Section 4.8 of the FOI clearly states that “Exemption must be justified;
not merely claimed: A public authority or private entity may not refuse access
to or disclosure of information simply by claiming it as confidential or
secret”.
But interestingly sub-part 10.3 seems to contradict the “when required by law to do so” provision
contained in sub-part 6.6 of the order. The FOI law already requires public
functionaries to disclosed information unless they fall within one of the
predefined exemptions.
The controlling question here to justify exemption, is whether the
information contained in the asset declaration documents in anyway fall within
the narrow exemptions allowed under the freedom of information law? Are they of
national defense or international relations significance? Are they trade
secrets? Are they part of an ongoing criminal investigation? Are they personal,
private records?
The answers to these questions can be clearly found in the FOI regime.

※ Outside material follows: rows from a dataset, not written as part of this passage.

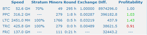 bitok Posted 29 Apr 2013, 08:02 Posted 29 Apr 2013, 08:02 а на чем больше заработать? курс то наверное разный? вот скажем пул 50BTC вроде не плохой а общая скорость всего 11 тыс. значит многие на другом пуле Курс постоянно меняется, поэтому выгодней добывать то одну, то другую криптовалюту. Например у пула coinotron есть очень удобная табличка, показывающая что выгодней добывать в данный момент: Из рисунка видно, что в данные момент выгоднее добывать лайткоин. Что качсается выбора пула советую обращать внимание не только на его мощность, но и на то, насколько он стабилен. Пул который часто не доступен или малоизвестный пул лучше не выбирать.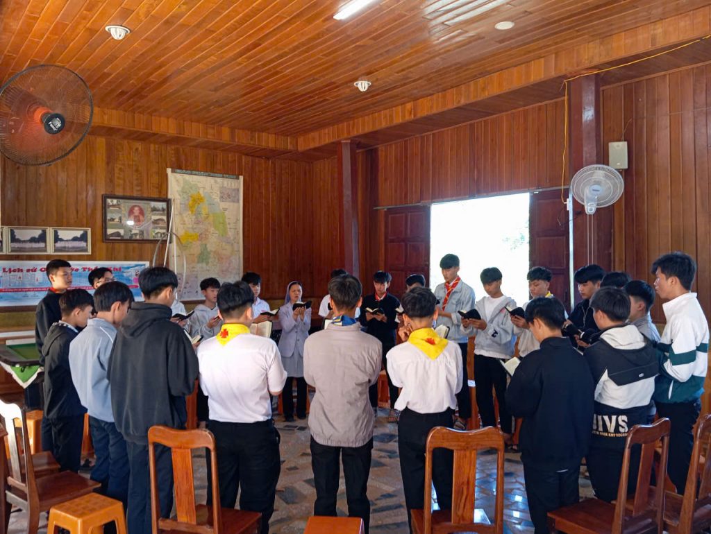 Ngay từ những giờ đầu buổi sáng, các em đã quy tụ đông đủ, mang theo sự háo hức nhưng cũng không kém phần trầm lắng của những người đang kiếm tìm tiếng Chúa trong cuộc đời. Mở đầu ngày sinh hoạt là giờ cầu nguyện, giúp các em lắng đọng tâm hồn, đặt mình trước sự hiện diện của Thiên Chúa và xin ơn soi sáng trên hành trình phân định.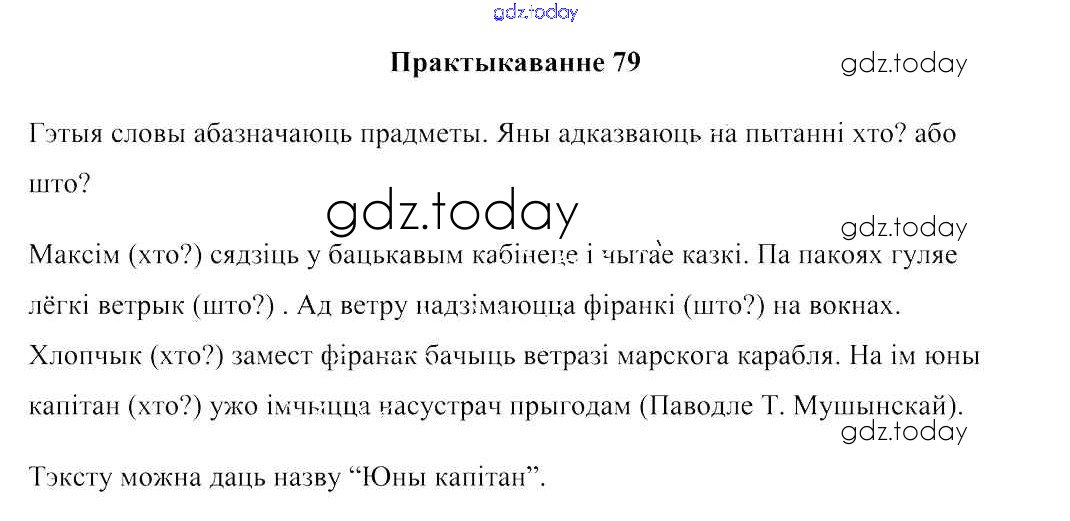 На страницах сайта gdz.today вы найдете учебный и вспомогательный материал, направленный на улучшения знаний школьной программы. ГДЗ - онлайн мир знаний Рашальнік да часткі 2. Практыкаванні 79 Учебнику по Белорусскому языку для 3 класса Свірыдзенка Национальный институт образования 2017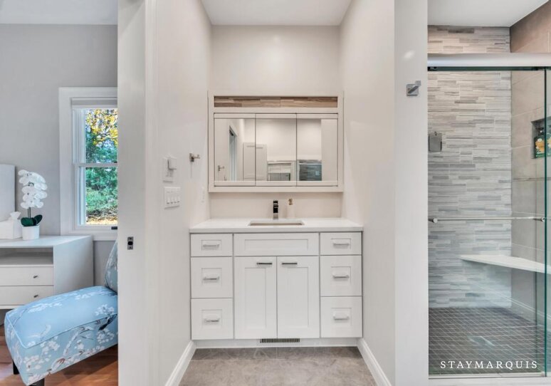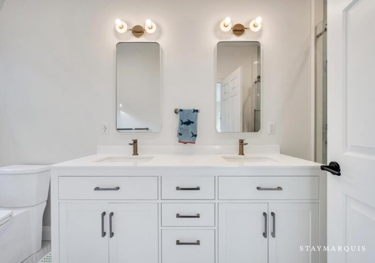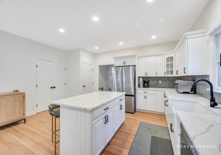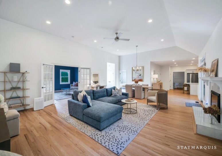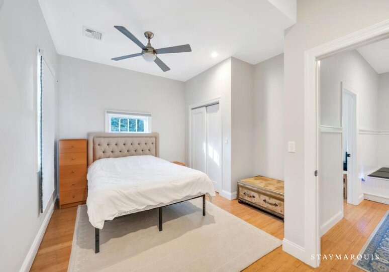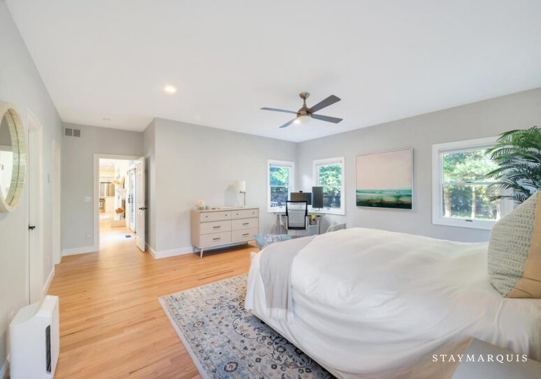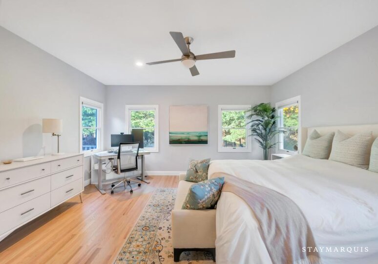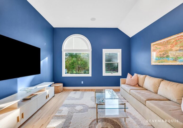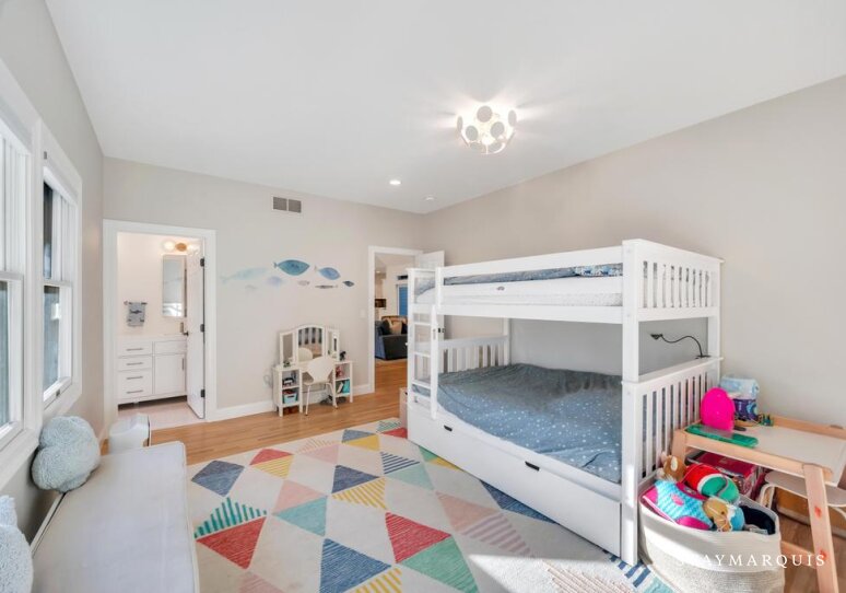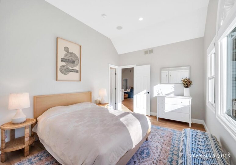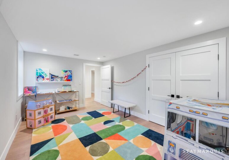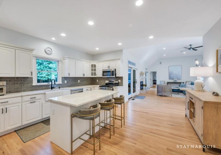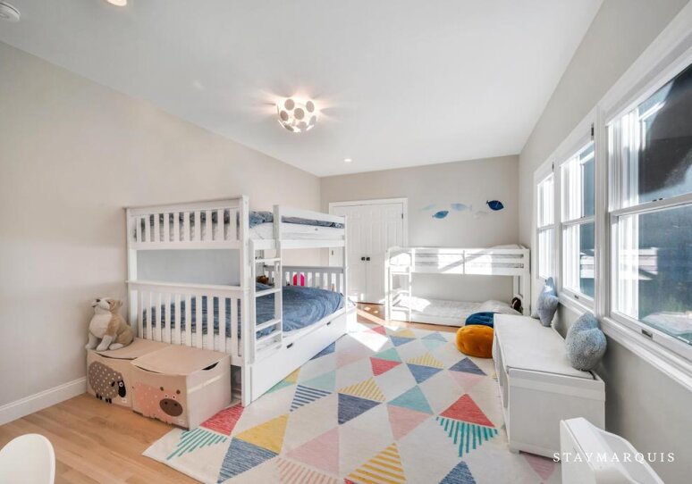 The five bedrooms and five bathrooms are warm, comfortable, and thoughtfully appointed. One of the bathrooms has a curbless shower for multi-generational needs. The primary suite features a king-sized bed, ensuite bathroom, a desk, and space for quiet reflection, while other rooms include queen beds, bunk beds perfect for children, and additional king accommodations, all with fresh linens and all the essentials you could need for a worry-free stay. Each room exudes understated elegance, with cozy touches and practical comforts that make every guest feel at home.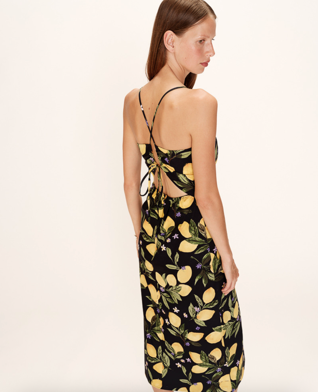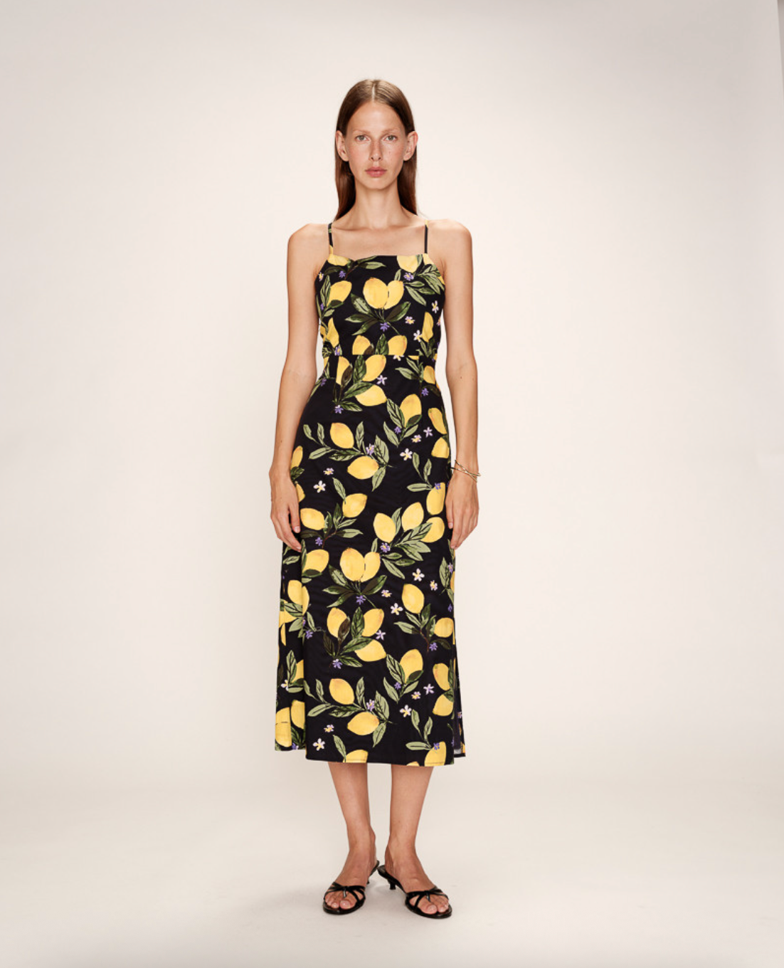 The Rebecca dress offers a modern and minimalist silhouette with its straight cut, square neckline, and thin straps that tie at the back. Made from natural fiber fabric and available in an exclusive lemon print or solid red, this dress is a perfect addition to any wardrobe.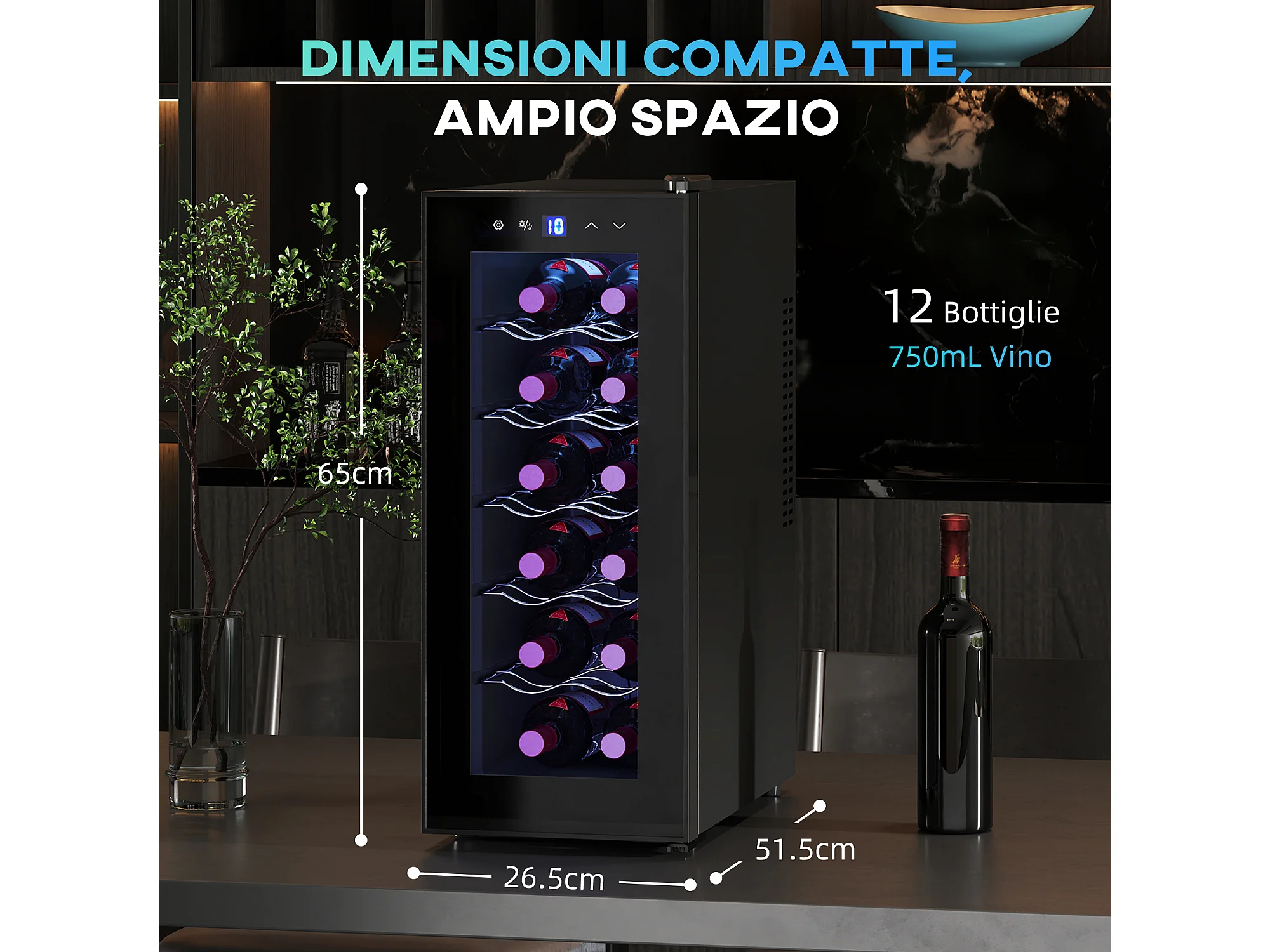 Cantinetta frigo per 12 bottiglie display touch e ripiani regolabili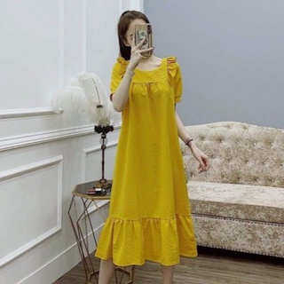 Váy Bầu Thiết Kế Mùa Hè shopdambau-HA1651 Váy Bầu Cổ Vuông Chất Cát Hàn Freesize (40-65kg)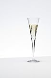 The Riedel Ouverture Toasting Flute set features two non-lead, machine-blown, crystal clear toasting glasses with long pulled stems. Elegantly standing over nine inches tall, these beautiful celebratory glasses taper in as they flow downwards toward a bright crystal base.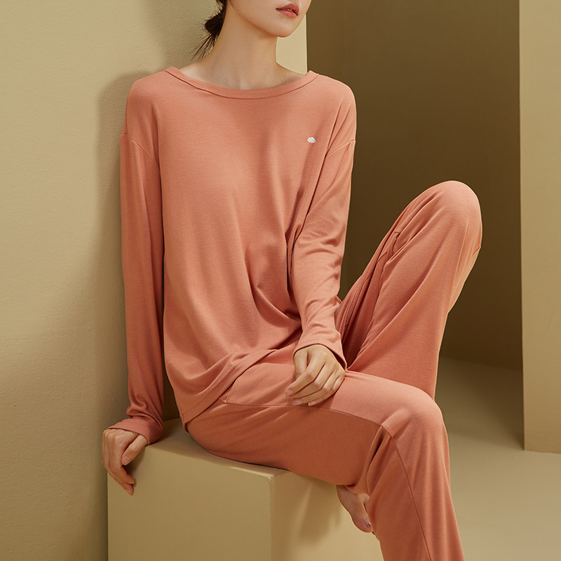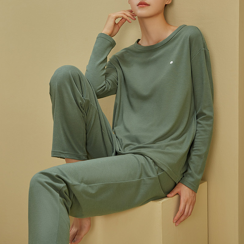 秋冬磨毛睡衣家居服女可出门休闲宽松春秋季套头长袖长裤两件套装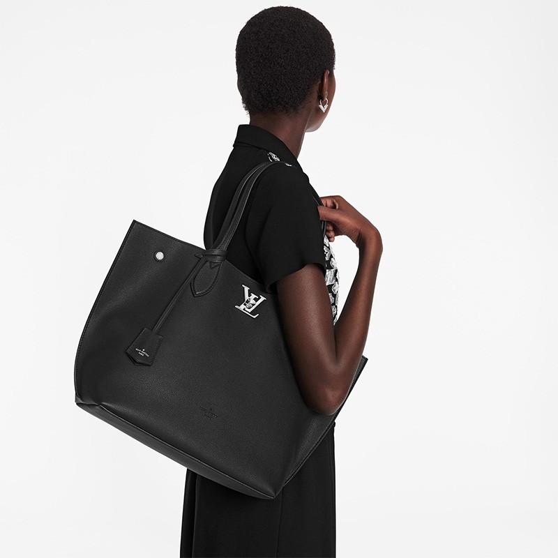 Dedicated to the elegant, active woman, this Lockme Go tote offers both flawless functionality and uncompromising style. Crafted from soft, grained calfskin, with double handles designed for comfortable over-the-shoulder wear, this essential modern carry-all is accented with a silvery Louis Vuitton turn lock and two snap buttons to keep belongings secure.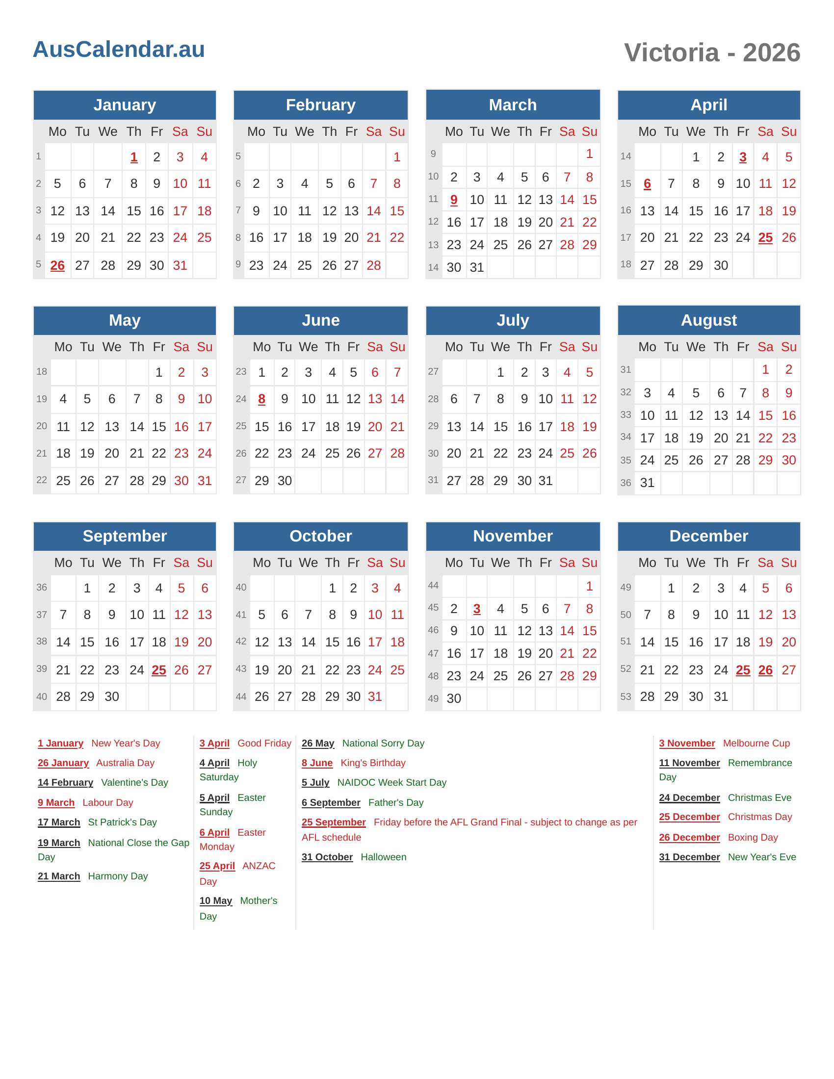 Victoria Calendar 2026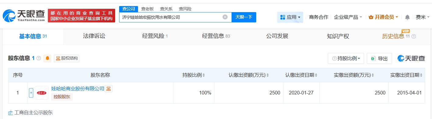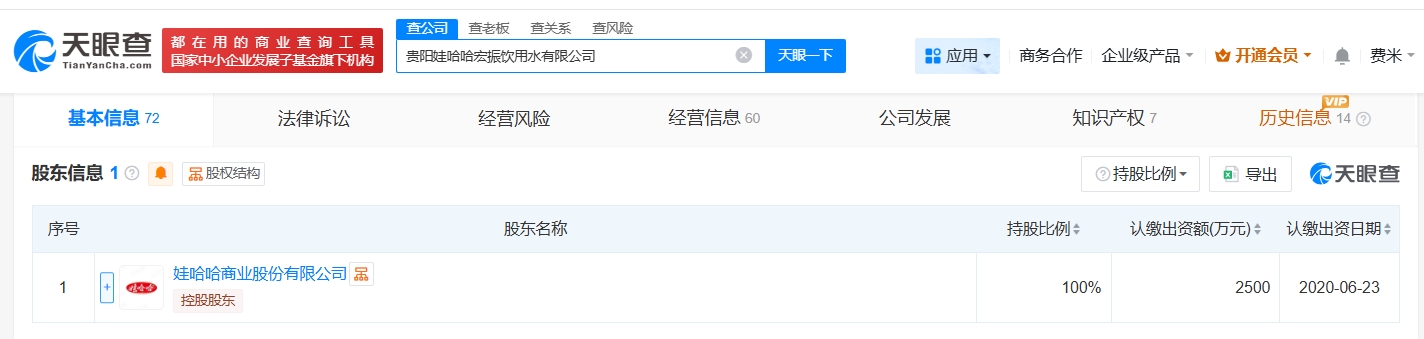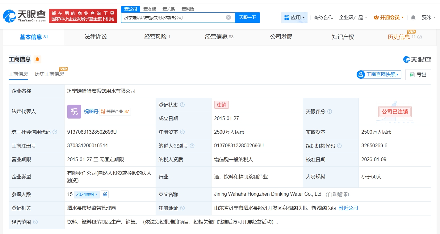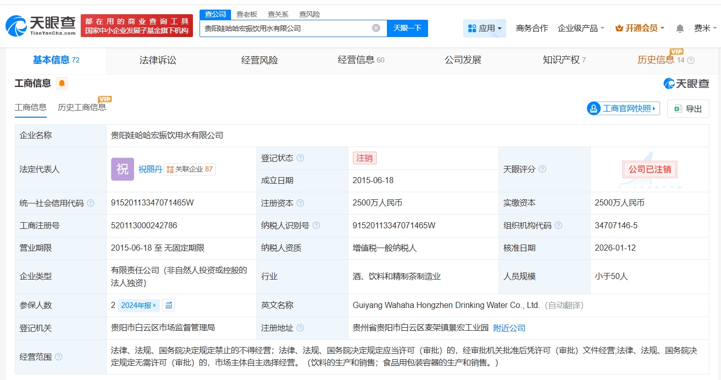 雷达财经讯,天眼查工商信息显示,近日,贵阳娃哈哈宏振饮用水有限公司登记状态由存续变更为注销。 贵阳娃哈哈宏振饮用水有限公司成立于2015年6月,法定代表人为祝丽丹,注册资本2500万人民币,董事为宗馥莉,经营范围为饮料的生产和销售、食品用包装容器的生产和销售。股东信息显示,该公司由娃哈哈商业股份有限公司全资持股。值得一提的是,此前,济宁娃哈哈宏振饮用水有限公司已注销。

Instead of the Executive including a provision in Order 38 which tends to
undermine the existing frame work around this issue, it should have left this
issue to be governed by the FOI statute.
Executive Order #38’s information disclosure provisions are greatly
peppered with direct and indirect provisions that undermine the government’s
stated desire to run an open and transparent regime and in the process build
the confidence of the Liberian people in the workings of the state. In the face
of the FOI law, Executive Order # 38 runs totally contrary to the Government’s
stated pledge to abide by the right to information as spelled out in the
Constitution of Liberia and the Universal Declaration of Human Rights.